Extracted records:

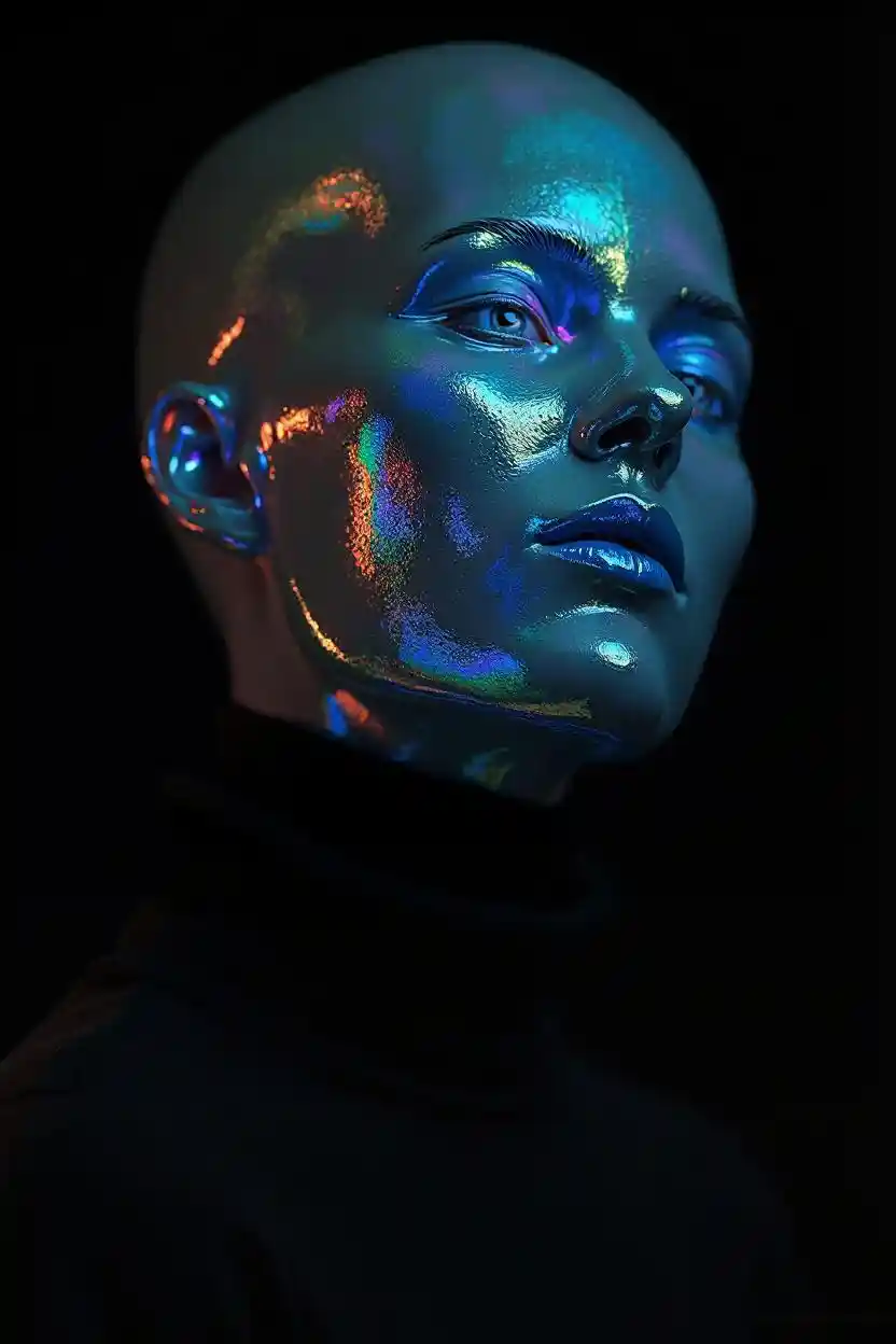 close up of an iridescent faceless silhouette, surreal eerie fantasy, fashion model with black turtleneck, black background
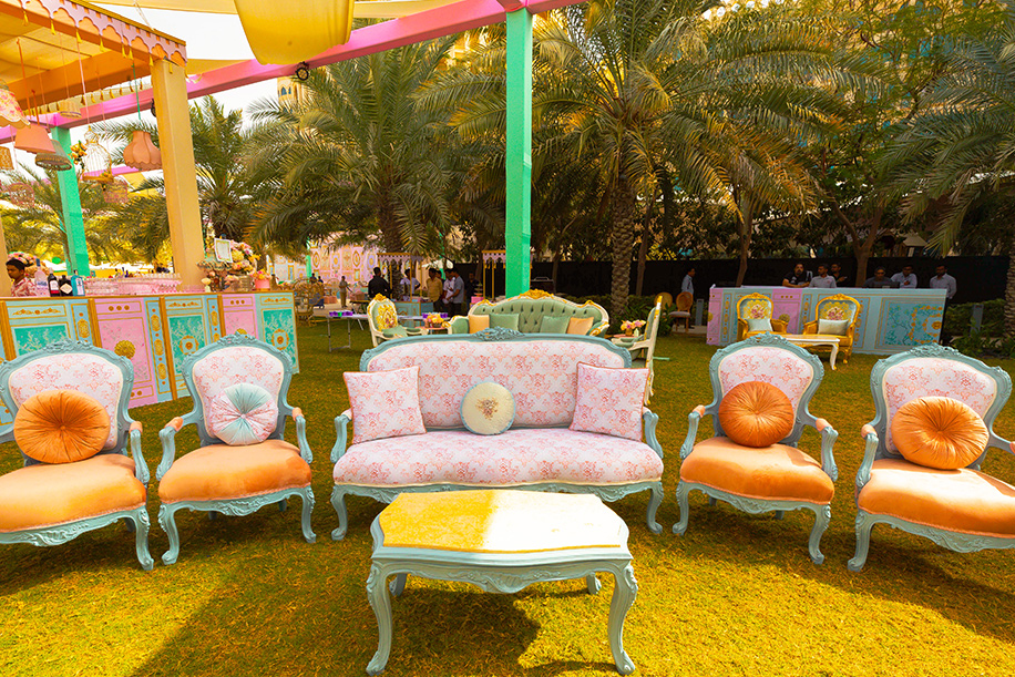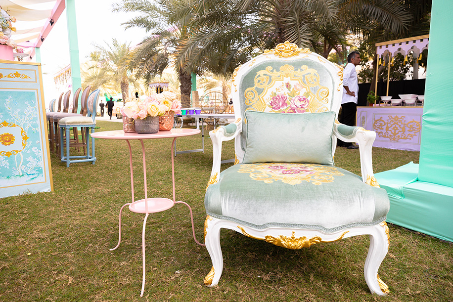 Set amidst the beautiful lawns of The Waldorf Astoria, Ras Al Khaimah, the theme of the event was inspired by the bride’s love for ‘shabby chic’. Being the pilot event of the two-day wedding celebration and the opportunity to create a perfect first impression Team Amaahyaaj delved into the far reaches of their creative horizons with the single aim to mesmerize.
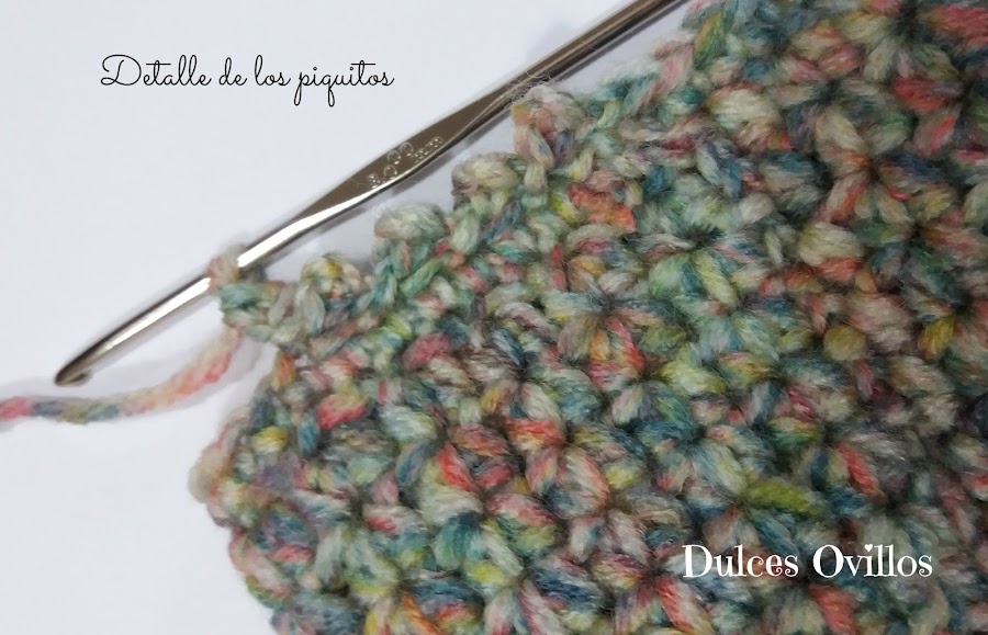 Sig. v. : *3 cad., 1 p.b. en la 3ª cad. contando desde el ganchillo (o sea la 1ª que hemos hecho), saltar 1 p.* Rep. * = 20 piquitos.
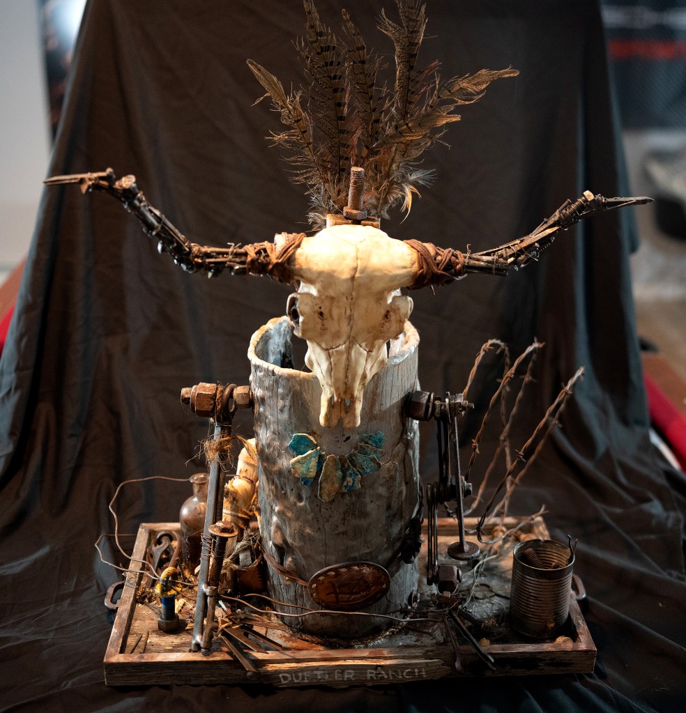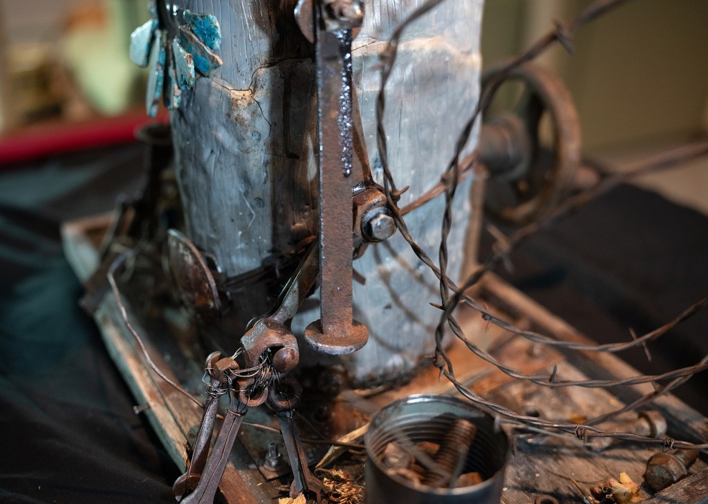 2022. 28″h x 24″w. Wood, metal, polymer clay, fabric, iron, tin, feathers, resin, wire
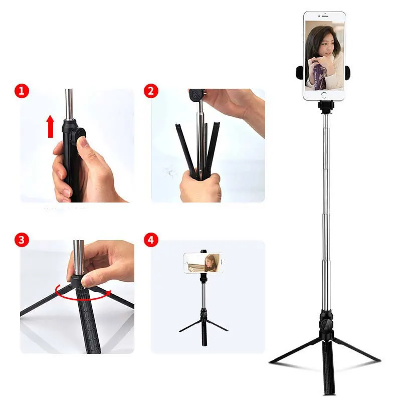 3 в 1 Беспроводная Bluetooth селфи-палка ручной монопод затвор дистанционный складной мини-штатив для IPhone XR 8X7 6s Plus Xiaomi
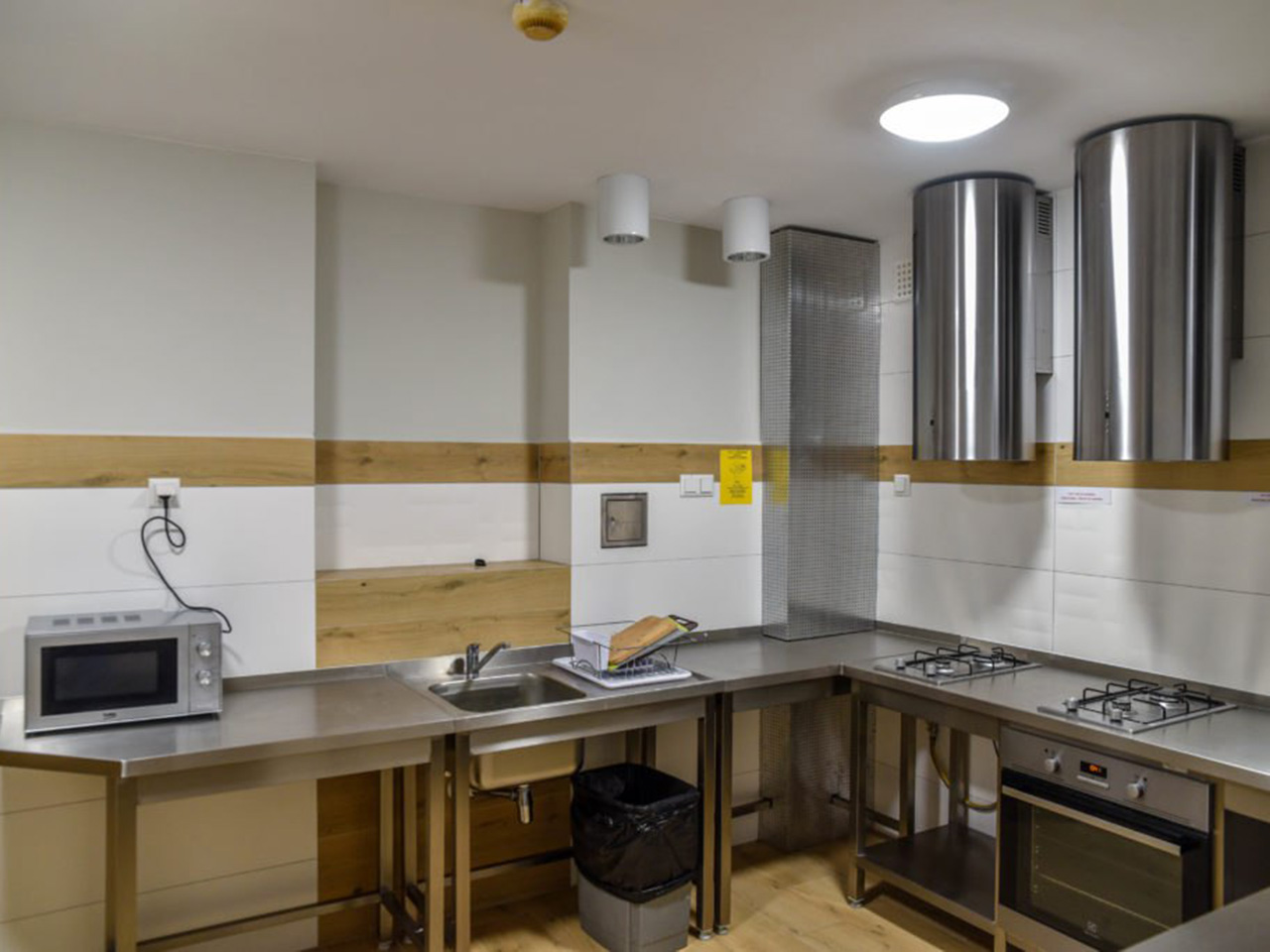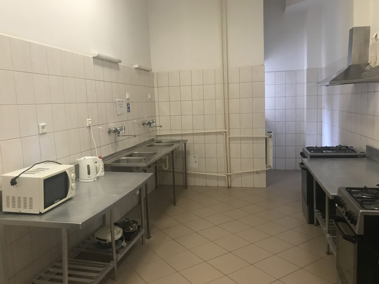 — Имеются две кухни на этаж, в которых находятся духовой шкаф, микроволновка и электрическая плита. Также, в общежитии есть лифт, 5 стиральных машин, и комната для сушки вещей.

» WHAT THE TASK ASKS:
From the first line above to the line containing "Sig. v. : *3", repeat each line exactly. Pictures stay out.

» RESPONSE TO THE EXERCISE:
 close up of an iridescent faceless silhouette, surreal eerie fantasy, fashion model with black turtleneck, black background
 Set amidst the beautiful lawns of The Waldorf Astoria, Ras Al Khaimah, the theme of the event was inspired by the bride’s love for ‘shabby chic’. Being the pilot event of the two-day wedding celebration and the opportunity to create a perfect first impression Team Amaahyaaj delved into the far reaches of their creative horizons with the single aim to mesmerize.
 Sig. v. : *3 cad., 1 p.b. en la 3ª cad. contando desde el ganchillo (o sea la 1ª que hemos hecho), saltar 1 p.* Rep. * = 20 piquitos.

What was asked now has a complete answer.